③ Potential demand for the installation of 2 million elevators in old communities, plus subsidies for old city reconstruction policies, is expected to quickly increase volume.

Global perspective: Shanghai Mitsubishi’s cash dividend ratio is close to 100%, and it is an undervalued value stock.

① Japan’s experience looks at China: Elevators remain engaged in sales in the medium and long term.

The number of newly installed elevators in Japan was stable at 40,000 from 1991 to 2006, and remained at 2 after 2006.

80,000 units, the stock was renovated to participate; Japan’s stock elevators over 25 years in 20155.

60,000 units, 100,000 units in 2020.

In Japan, Mitsubishi Electric accounts for 50% of the new and new installation needs.

② KONE Elevator 北京夜生活网 and Shanghai Mitsubishi Cash Dividends have a dividend payout ratio close to 100%, and KONE 4.

A 1% dividend yield supports 26 times PE.

KONE’s revenue from China accounts for 25%. In the second quarter of 2019, orders in China exceeded 10% growth, a significant increase.

③ Subsidiary Shanghai Mitsubishi has outstanding competitive advantages, which is comparable to Hitachi (China) in terms of revenue volume and stronger profitability; the parent company has 4.8 billion in cash in hand, and the company is an undervalued high-quality stock.

Catalyst: Intelligent manufacturing epitaxy and improved incentive mechanism.

Increased risk: new real estate starts to expand, industry competition intensifies, and investment returns reduce risk

COSCO Haifa (601866) first coverage report: waiting for improvement of non-ROE

COSCO Haifa (601866) first coverage report: waiting for improvement of non-ROE

Introduction to this report: As a leading-scale consolidated financial platform, diversified equity investment is expected to drive profit growth.

The ROE of the existing business is low.
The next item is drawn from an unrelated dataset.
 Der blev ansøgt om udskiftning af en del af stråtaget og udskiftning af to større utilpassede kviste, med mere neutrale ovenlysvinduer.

Investors need to be patient and wait for the breakthrough of the company’s development path.

Investment points: 1.

Covered for the first time, rated “Neutral”.
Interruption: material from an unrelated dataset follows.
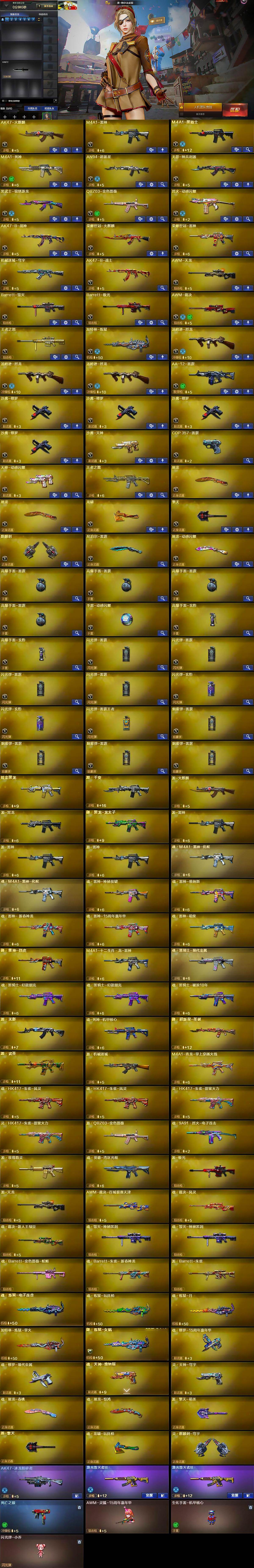 【热门武器】:QBZ03-金色蔷薇,死亡之眼,荣耀世冠-火麒麟,荣耀世冠-雷神,M4A1-黑骑士,汤姆逊-烈龙*3,加特林-炼狱,沙鹰-修罗*4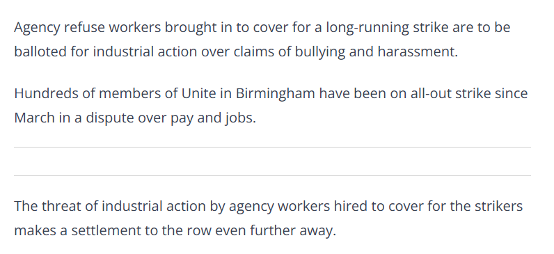 https://xcancel.com/maxtempers/status/1983098767760142368#m>Agency workers covering for Birmingham bin strikers to vote on industrial action>The agency workers brought in to cover for the Birmingham binmen striking are also going to go on strike...lol

The profit prospects of long-term leasing and container manufacturing are stable, and the profit of equity investment is expected to continue to grow, but the non-shareholder yield is still low.

We predict EPS for 2019-21 to be zero.

17, 0.

17, 0.

18 yuan.

Comprehensive DCF estimation method and comparable company average PE method, give 15 times PE, target price 2.

57 yuan.


First-class leasing expertise, leading in scale globally.

Relying on the deep and progressive background of the group, the company conducts multiple financial services such as leasing and leasing.

After the optimization and integration of advanced leasing business, profit margins improved.

The ship leasing scale ranks first in the world and the container leasing ranks second in the world. It is expected to obtain stable returns in the future.

However, the domestic financing cost of the company is higher than that of the financial leasing institution controlled by the bank, and the spread limit limits the improvement of the return on net assets.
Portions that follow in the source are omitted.